Actually, I don't think that they do any more than I think that the PTC has an obligation to disclose the level of funding that they receive from evangelical religious or conservative groups - or even why Steve Allen is still shown as a member of their "Celebrity Advisory Board" despite having been slightly dead for almost five years. Where does their funding come from? They would have us believe that they are a grassroots organization of people outraged by what's on Television - sorry the "suffocating sewage coming from the entertainment industry" - but what are their ties with groups like the American Family Association or Focus On The Family which are backed by the conservative Protestant churches?

The thing is that I can readily understand why groups like The American Conservative Union, Americans for Tax Reform, and the US Chamber of Commerce are supporting Television Watch. On the whole economic conservatives take the point of view that "the government that governs least is governs best", by which they really mean that the government that regulates least is best, and the describe liberals as wanting more and more regulation. On the other hand the agenda of the social conservatives is that government must make regulate human behaviour to make it "correct" (at least in their view). Television regulation is an area where the two visions of conservatism conflict.

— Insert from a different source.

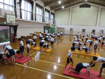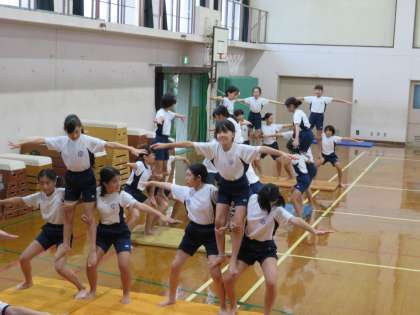 運動会が近づいてきました。高学年の団体演技も大詰めです。体育館から運動場に移動し,組体操の練習をしています。友達に声をかけたり,足が痛くてもこらえたり,一人一人がみんなのために力を発揮しています。

To further explain this I need to dip back into my brief and disastrous attempt to become a teacher. One of my required classes was in educational administration where we were introduced to the concept of in loco parentis. If your Latin is even more nonexistent than mine, this roughly translate as "in place of the parent". In simple terms this meant that from the time the kids arrived at school to the time they got home, the teacher had powers over them equivalent to their parents. According to the acts and regulations governing the schools in Saskatchewan this meant that the teacher was to act in the manner of an idealised "fair and responsible" parent in all areas including discipline (which at the time that I was in university included corporal punishment as a last resort). It seems relatively clear that what the PTC and groups like it want is for the television industry to program their networks as if they were in loco parentis, and for the FCC to punish the networks if they don't. But all of this seems to ignore the role of parents.

In the darkest period of World War II, when France had fallen and the United States had yet to enter the war Winston Churchill told the United States "Give us the tools and we will finish the job." Government and the broadcast industry have done a lot to provide parents with the tools that they need to be fair and responsible. They have willingly surrendered certain of their First Amendment rights to freedom of speech by accepting laws on the language and images that can be shown. They provide rating labels in front of every entertainment show indicating what age group the show is suitable for, and sometimes include warnings both in text and spoken form at the start of shows. They make their labels compatible with the V-Chip technology as mandated by the FCC. Consider the tools available on my TV and cable set-up. My TV is equipped with the V-Chip (although it doesn't work with the Canadian ratings system). My TV allows me to block channels and is password protected. My digital cable box allows me to block specific programs, and to lock out entire channels. It too is password protected. Unlike people in North Korea I'm allowed to change channels. There's an on-off switch on both the TV and cable box. It seems to me that the existing regulations - the regulations which both the liberal and conservative supporters of Television Watch find acceptable - give parents plenty of tools to do the job.

What the PTC wants is reminiscent of what the campus Communists at the University of Saskatchewan wanted. Every Friday they'd set up their information tables in the College of Arts building under a big sign that said "No Free speak For The Klan." They wanted to decide what sort of speak was acceptable, and it seems to me that what the PTC wants to accomplish is pretty much the same thing. The question I always wanted to ask the campus Communists and would like to ask the PTC is this: once you've denied free speak for one group, what is to prevent someone else from denying free speak to another?